Sources: Office of the Director of National Intelligence declassified assessment (Tier 1), Congressional Research Service summary (Tier 1), PolitiFact analysis (Tier 2).

Why this example matters: This claim isn’t simply true or false. Some agencies did lean toward the lab leak hypothesis. But the word “confirmed” transforms an uncertain assessment into a definitive conclusion that doesn’t exist. The MOSTLY FALSE verdict acknowledges the true elements while identifying that the core claim is inaccurate.


Example 5: Detecting disinformation techniques

Claim submitted: “The World Health Organization’s International Agency for Research on Cancer classified processed meat as a Group 1 carcinogen in 2015 - the same category as tobacco smoking and asbestos exposure - meaning that eating a daily serving of bacon or sausage carries cancer risks comparable to a pack-a-day smoking habit.”

Veridi’s assessment:

VERDICT: MISLEADING — Confidence: 92%

The IARC did classify processed meat as a Group 1 carcinogen in 2015. Processed meat is in the same IARC group as tobacco smoking and asbestos. These facts are accurate.

However, the conclusion - that the cancer risks are “comparable” - is false, and the false impression is created by conflating two different things: evidence strength and risk magnitude. IARC Group 1 means “there is convincing evidence that the agent causes cancer.” It does not mean “the agent causes cancer at a similar rate to everything else in the group.” The WHO itself clarified this distinction at the time of the classification.

The actual risk difference is enormous.
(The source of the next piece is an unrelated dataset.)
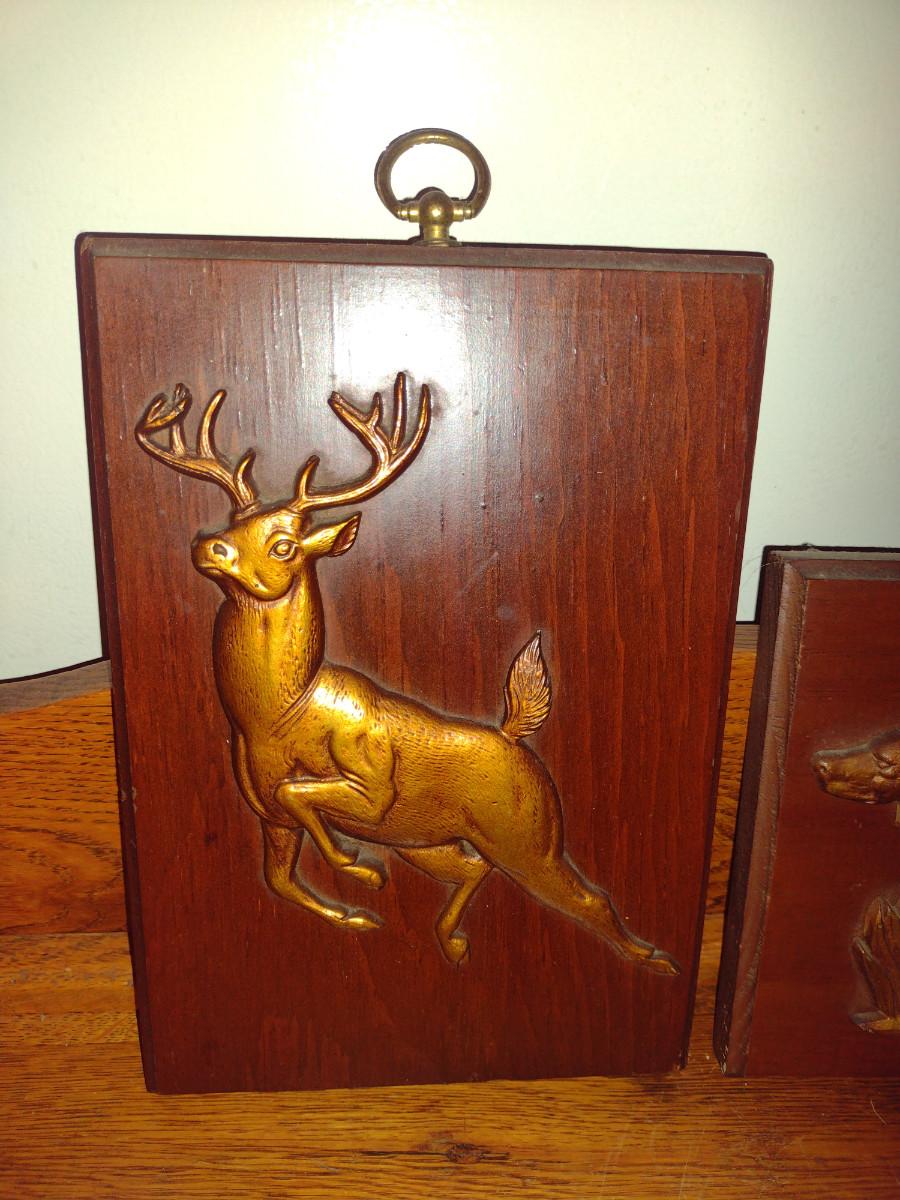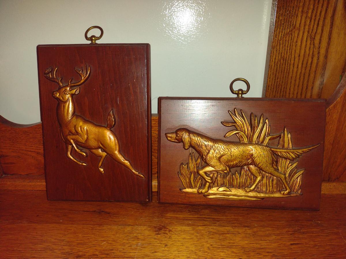 Wall Art- Brass on Wood- Deer and Hunting Dog Designs- Approx 7" x 10"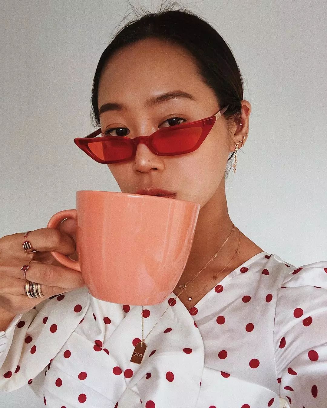看INS博主亲自示范,就算在家里喝咖啡也不忘带上墨镜,当然是因为好看,有型!

Eating 50 grams of processed meat daily increases colorectal cancer risk by approximately 18%. Smoking a pack of cigarettes a day increases lung cancer risk by approximately 2,000%. The risks are not comparable; they differ by roughly a factor of 100.

Gaming flags detected:

  • Framing manipulation: True facts about the IARC classification are assembled to create a false impression of risk equivalence. The manipulation works by conflating evidence strength (how sure we are it causes cancer) with risk magnitude (how much cancer it causes). Each individual statement is accurate; the composite is false.
  • Anchoring: The true, easily verified facts (Group 1 classification, same category as tobacco) serve as anchors that transfer credibility to the false conclusion (comparable risk levels).

Sources: IARC Monographs Volume 114 (Tier 1), WHO Q&A on the classification (Tier 1), Global Burden of Disease Project estimates (Tier 1).

Why this example matters: This is a stress test: every individual fact in the claim is true. The IARC classification is real. The group assignment is real. The comparison to tobacco’s group is real. Nothing is fabricated. But the facts are arranged to create a false impression about risk magnitude by exploiting the gap between how scientists use the word “carcinogen” and how the public understands it. Veridi detected the framing manipulation and anchoring, quantified the actual risk difference, and cited the WHO’s own clarification as primary evidence.